ACTION ITEM:
Please restate word for word the lines of the entries below from the one with "В связи с проведением" to the one with "Не забывайте, что", inclusive, and leave out every picture.

Saved data entries

================================

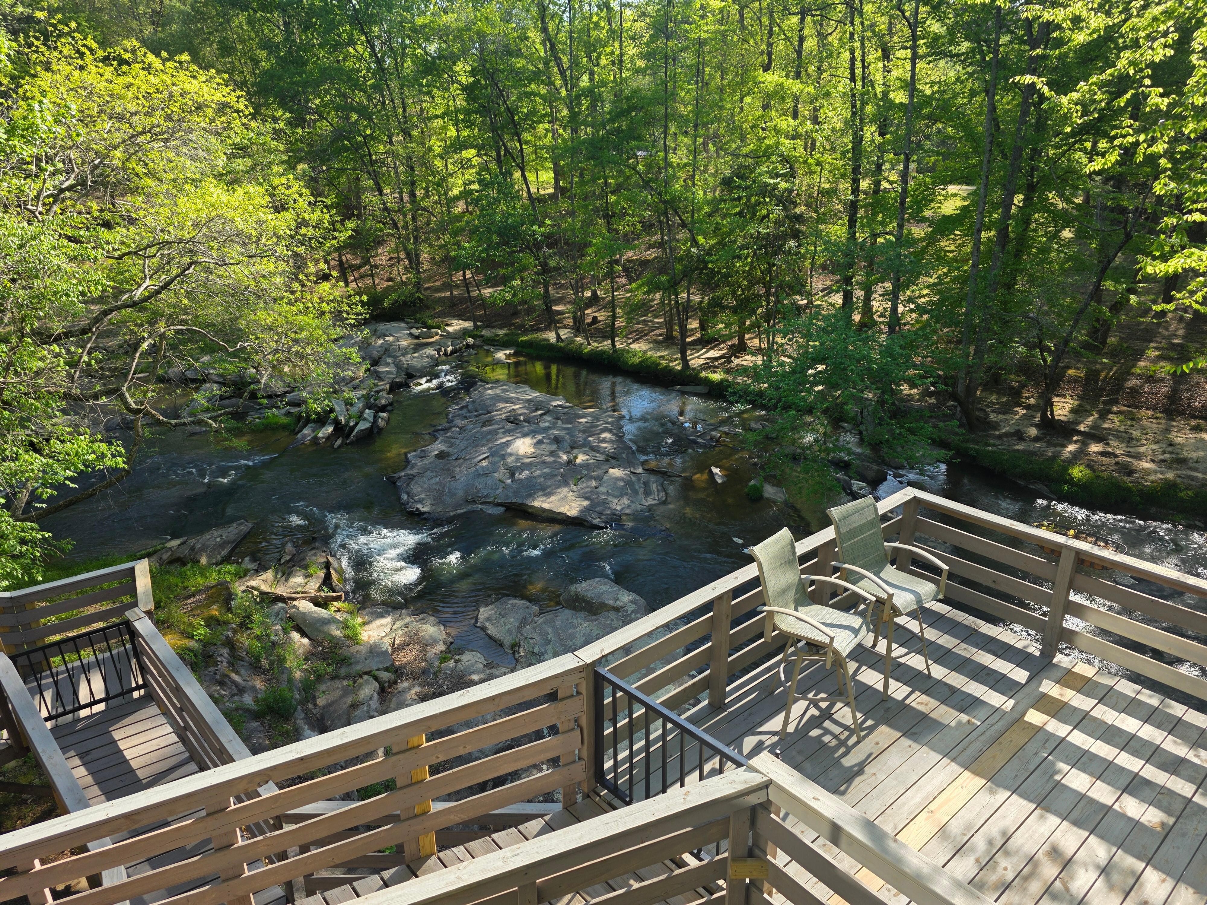 Step out onto the private deck overlooking the creek and let nature steal the show. Enjoy the sights and sounds of flowing water, dine outdoors, or simply relax with loved ones in this peaceful setting surrounded by trees and fresh air.
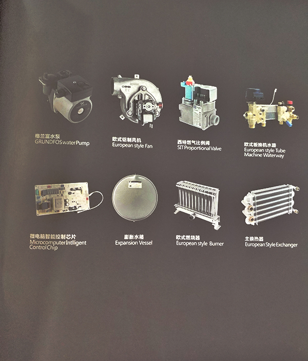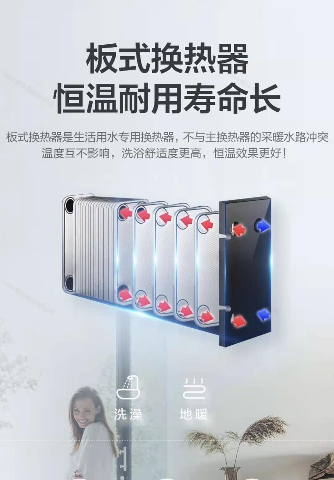 ●节能型热交换器,采暖炉热效率达到90%以上;
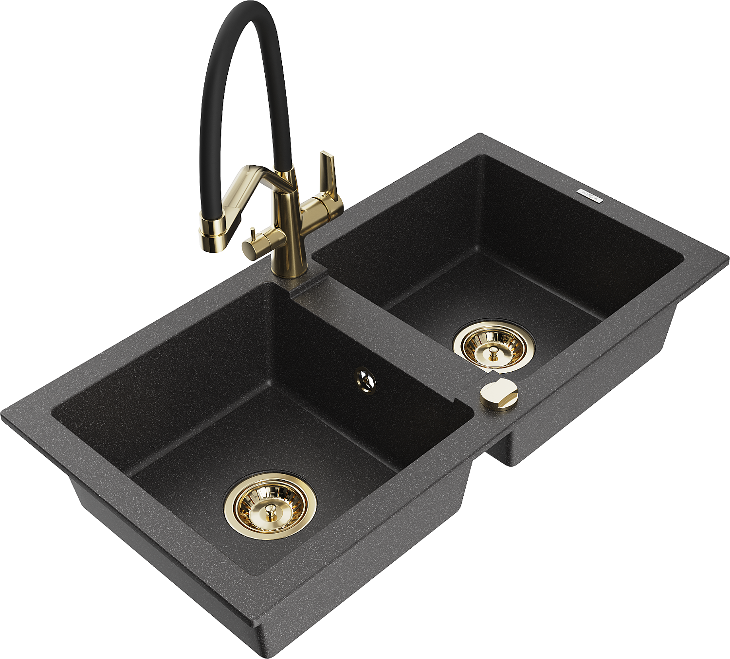 Mexen Mario granieten spoelbak 2-kamerig met keukenmengkraan Duo, zwart gespikkeld - 6504-76-671701-57-G
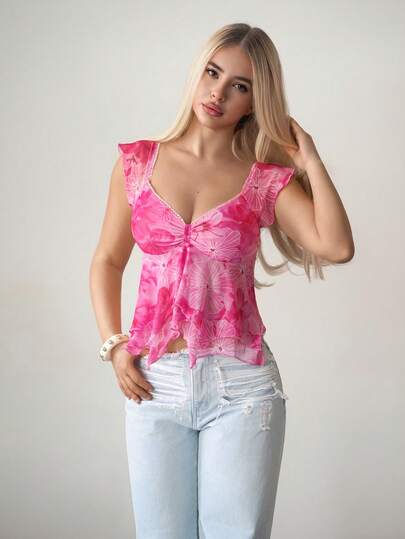 Sweetina Women's Pink Floral Print Ruffle Hem Vacation Casual Camisole Top - Red - View 1
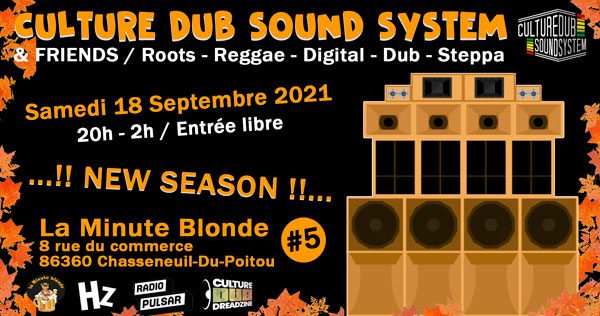 Après quatre sessions mémorables, pour fêter un été des plus chaleureux, pour annoncer une nouvelle saison en musique, retrouvez exceptionnellement le Culture Dub Sound System avec ses 4 SCOOPS accompagné d’invités surprises à La Minute Blonde de Chasseneuil-Du-Poitou le Samedi 18 Septembre 2021 à partir de 20h pour une cinquième session que vous n’êtes pas près d’oublier !
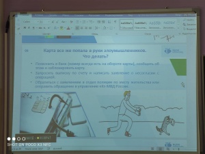 В связи с проведением международной олимпиады по финансовой безопасности и проведении Всероссийского тематического урока «Финансовая безопасность» в 8-10 классах был проведен урок финансовой безопасности. Цель урока - повышение информационной, финансовой и правовой грамотности детей.
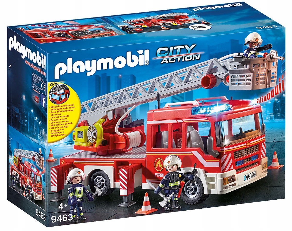 Пожежна машина з драбиною - транспортний засіб має висувну драбину з кошиком, 3 пожежних та аксесуари. Має світлову та звукову сигналізацію. Транспортний засіб, сумісний з модулем дистанційного керування RC із висувною драбиною. З висувними опорами. У кабіні водія можна розмістити максимум 4 фігурки.
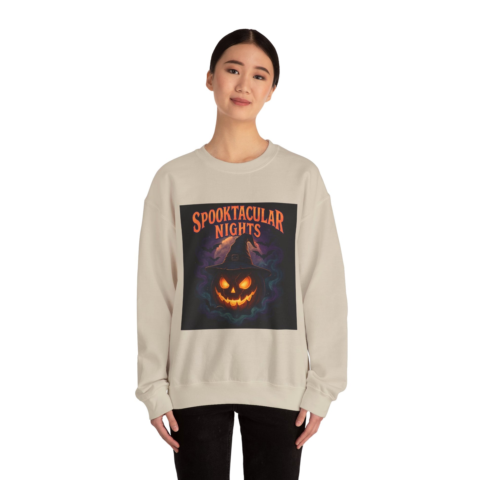 Stay cozy and spooky this season with our “Spooktacular Nights” Halloween Sweatshirt! Featuring a bold jack-o’-lantern design with glowing eyes, swirling mist, and gothic-style lettering, this piece is perfect for anyone who loves playful yet eerie Halloween vibes. The vibrant print pops against the deep black background, making it a standout for fall festivities.
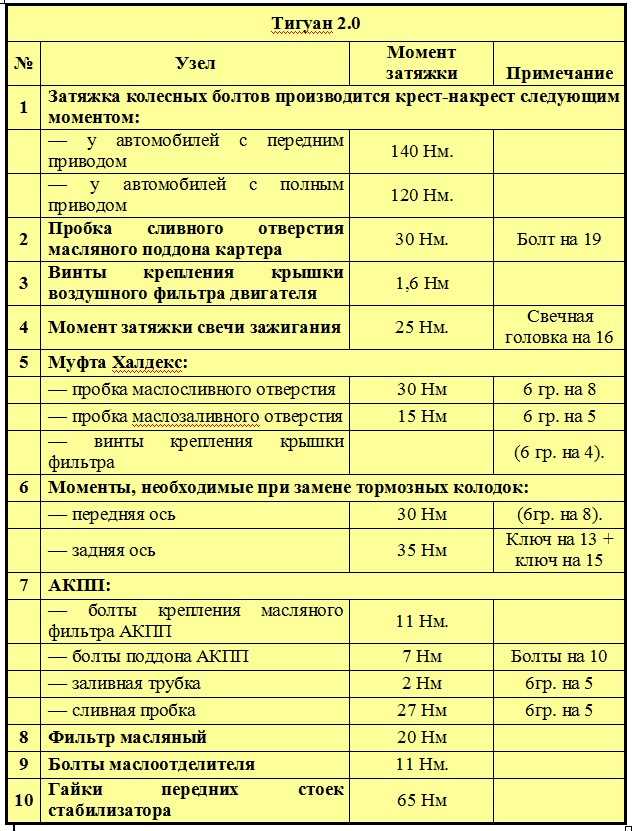 Не забывайте, что правильный момент затяжки является основой для безопасного и надежного использования автомобиля. Регулярно проверяйте состояние болтов и следуйте рекомендациям производителя по установке момента затяжки, чтобы обеспечить оптимальные условия эксплуатации вашего тигуана.
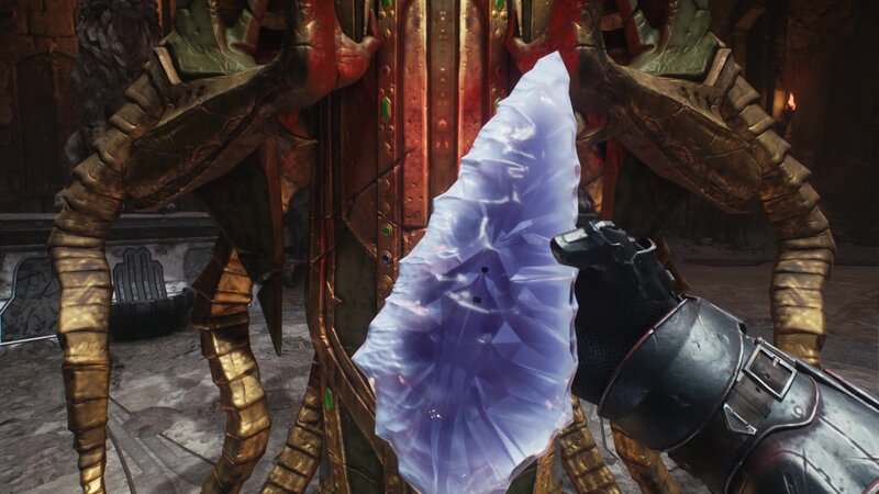 Secret # 2 (Sigil de vie) + Collectible # 3 (Skin d'armes): Smash the Canon d'artillerie pour révéler un trou directement en dessous. Descendez pour trouver de l'or et une porte clé jaune – la porte a une méga-up de santé et un coup de BFC. Dans la même zone, retournez-vous et écrasez le mur de marquage bleu avec une charge de bouclier pour récupérer un sceau de vie.
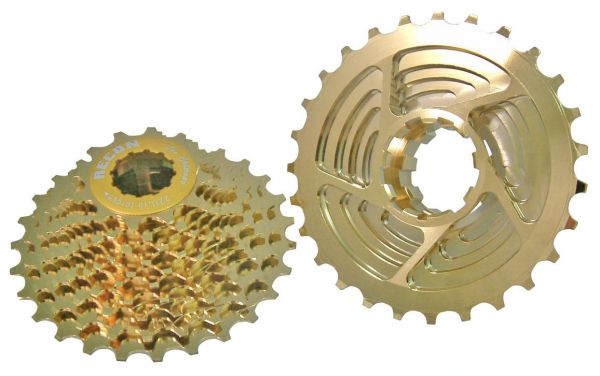 Ai chef pentru un mic tuning al bicicletei? Daca tii la aspectul detaliat al bicicletei tale s-ar putea sa intereseze pinioanele aurii de la Recon MTB. Desi s-ar spune ca auriul nu este cea mai potrivita culoare, sunt foarte multi biciclisti care au decis sa completeze aspectul bicicletei lor cu astfel de componente.
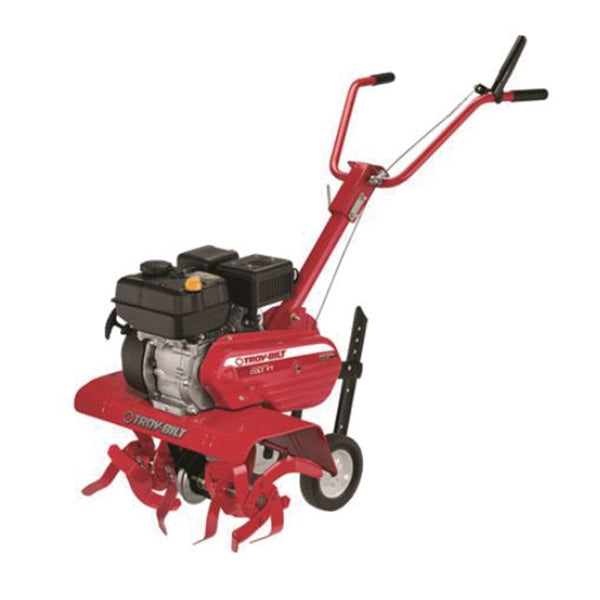 208 cc Troy-Bilt OHV engine. 13/22/24 in adjustable tilling width. 7 in tilling depth. 12 in steel bolo tines. 5 in semi pneumatic transport wheels. one-speed forward. Forward rotating tines. Minimal assembly.
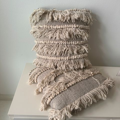 Laadukkaat sisustustyynyt, sohvatyynyt, koristetyynyt. Leveys noin 40 cm. Tyynyjä on kaksi. Materiaali on olkea.
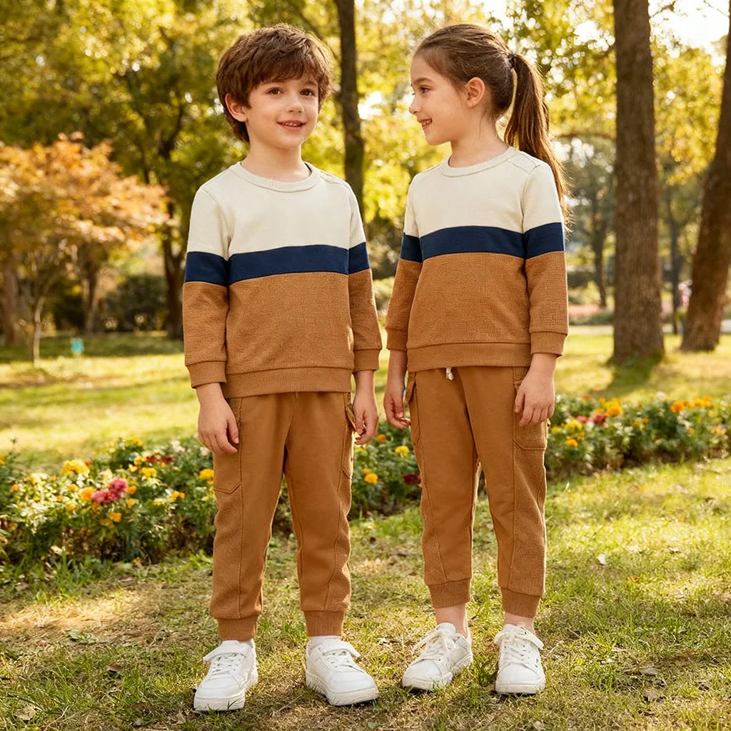 One Stop Service Children Stretch Cotton Spandex Crewneck Sweatshirt Pullover with Multi Pockets Joggers Sweatpants Matching Set
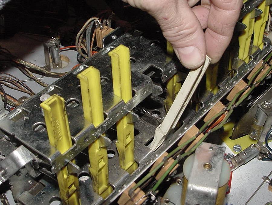 Now the target can be easily pulled back, and the attachment spring released. Then the target can be removed from the top side of the playfield. A new target is then slid into place, and the spring reattached. Using a hemostat to hold the spring works best to do this. But replacing a target in this manner is WAY easier than removing the target 'skewer' or loosening the bottom bracket. |
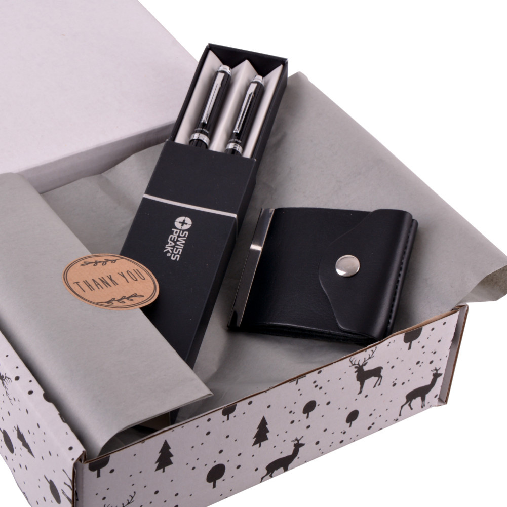 Zestaw prezentowy składa się z zestawu piśmienniczego oraz banknotówki.
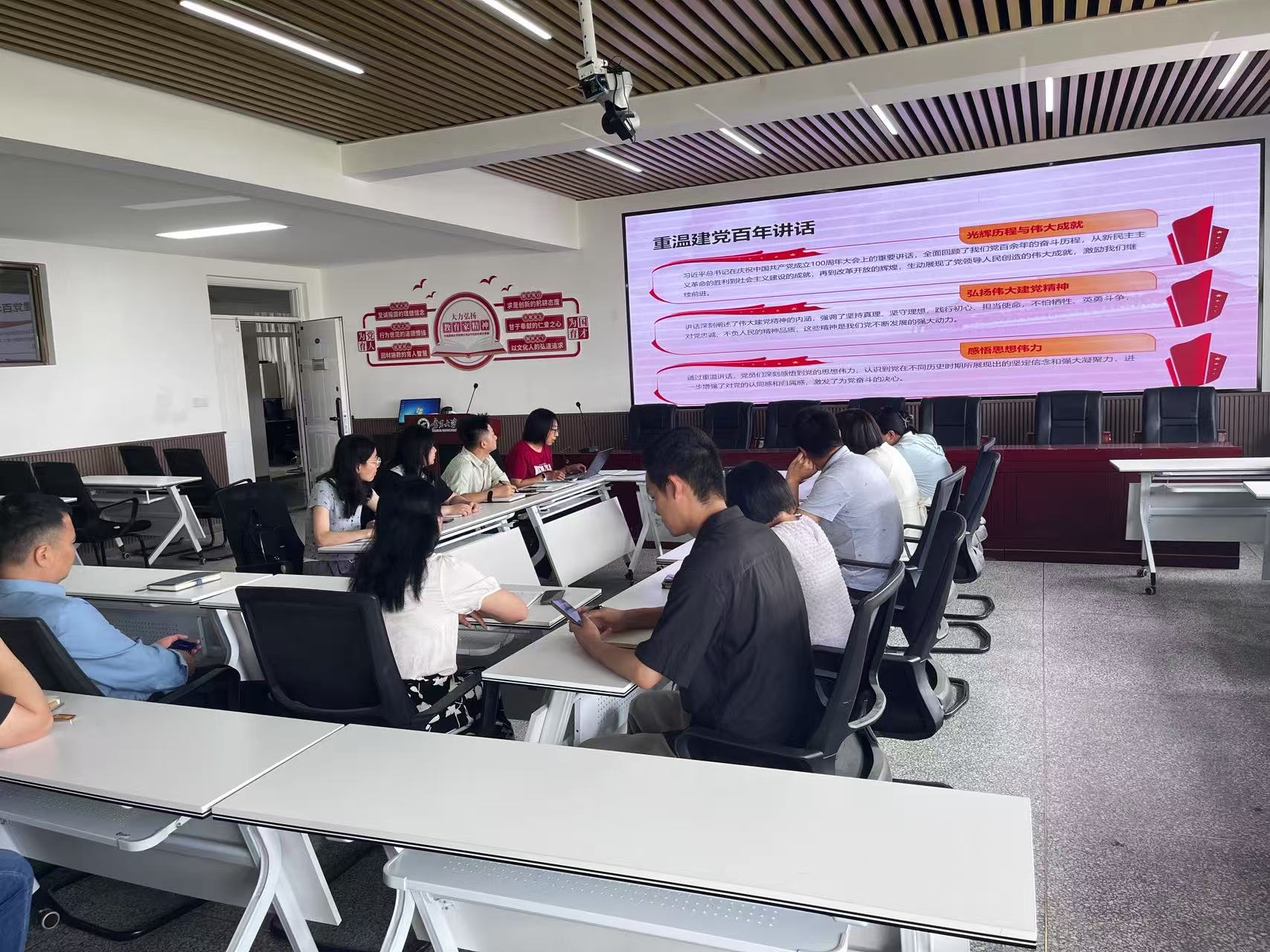 活动中,党支部书记潘琳以《弘扬伟大建党精神》为主题讲授专题党课,带领全体党员深入学习习近平总书记在庆祝中国共产党成立100周年大会上的重要讲话精神。党课重点围绕习近平总书记“七一”重要讲话的重大意义、重点内容和重要亮点展开深入讲解,深刻阐释了“坚持真理、坚守理想,践行初心、担当使命,不怕牺牲、英勇斗争,对党忠诚、不负人民”的伟大建党精神。支部书记强调,作为高校教育工作者,要始终牢记立德树人根本任务,将伟大建党精神转化为推动教育事业发展的强大动力。
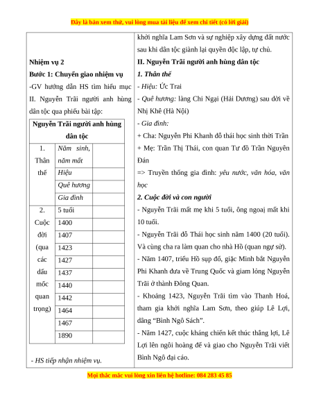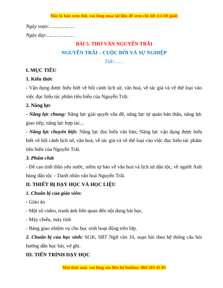 NGUYỄN TRÃI – CUỘC ĐỜI VÀ SỰ NGHIỆP Tiết:…… I. MỤC TIÊU 1. Kiến thức

================================

REPLY TO THE TASK:
 В связи с проведением международной олимпиады по финансовой безопасности и проведении Всероссийского тематического урока «Финансовая безопасность» в 8-10 классах был проведен урок финансовой безопасности. Цель урока - повышение информационной, финансовой и правовой грамотности детей.
 Пожежна машина з драбиною - транспортний засіб має висувну драбину з кошиком, 3 пожежних та аксесуари. Має світлову та звукову сигналізацію. Транспортний засіб, сумісний з модулем дистанційного керування RC із висувною драбиною. З висувними опорами. У кабіні водія можна розмістити максимум 4 фігурки.
 Stay cozy and spooky this season with our “Spooktacular Nights” Halloween Sweatshirt! Featuring a bold jack-o’-lantern design with glowing eyes, swirling mist, and gothic-style lettering, this piece is perfect for anyone who loves playful yet eerie Halloween vibes. The vibrant print pops against the deep black background, making it a standout for fall festivities.
 Не забывайте, что правильный момент затяжки является основой для безопасного и надежного использования автомобиля. Регулярно проверяйте состояние болтов и следуйте рекомендациям производителя по установке момента затяжки, чтобы обеспечить оптимальные условия эксплуатации вашего тигуана.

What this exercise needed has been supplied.